AIM OF THE EXERCISE
Your answer must consist of exactly the lines below, starting with the line with "Round chandelier has" and going on through the line with "Продается квартира в", and nothing else.

EXERCISE MATERIALS
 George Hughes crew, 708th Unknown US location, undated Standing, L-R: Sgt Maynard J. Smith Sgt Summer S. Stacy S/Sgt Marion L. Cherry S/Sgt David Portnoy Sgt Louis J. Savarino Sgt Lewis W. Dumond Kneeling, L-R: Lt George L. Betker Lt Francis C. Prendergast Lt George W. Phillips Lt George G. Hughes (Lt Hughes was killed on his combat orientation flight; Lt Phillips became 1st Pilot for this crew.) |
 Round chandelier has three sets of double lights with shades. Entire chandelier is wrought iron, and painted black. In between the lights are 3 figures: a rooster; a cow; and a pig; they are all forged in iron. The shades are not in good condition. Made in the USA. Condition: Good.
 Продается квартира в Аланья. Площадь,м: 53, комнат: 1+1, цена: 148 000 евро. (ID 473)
* * *
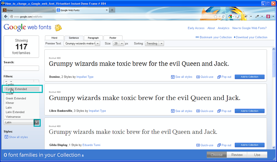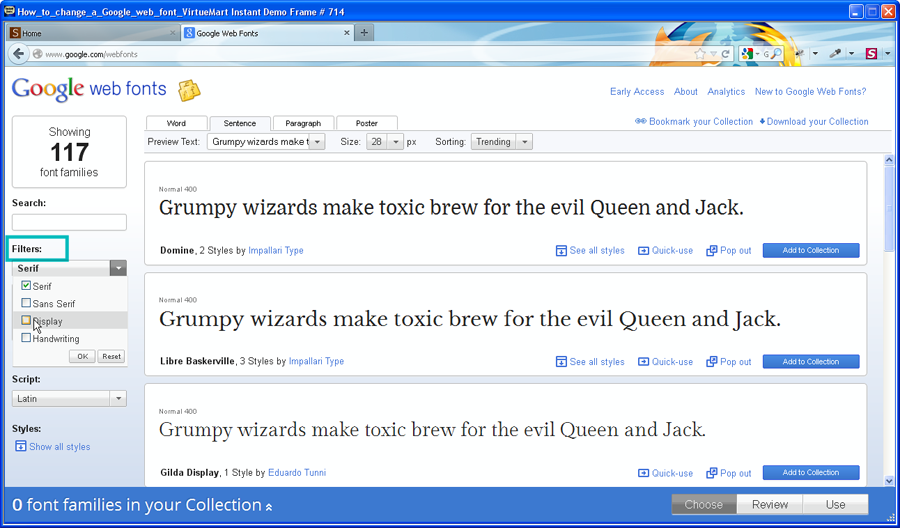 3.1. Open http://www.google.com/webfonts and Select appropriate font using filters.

EXPECTED ANSWER
 Round chandelier has three sets of double lights with shades. Entire chandelier is wrought iron, and painted black. In between the lights are 3 figures: a rooster; a cow; and a pig; they are all forged in iron. The shades are not in good condition. Made in the USA. Condition: Good.
 Продается квартира в Аланья. Площадь,м: 53, комнат: 1+1, цена: 148 000 евро. (ID 473)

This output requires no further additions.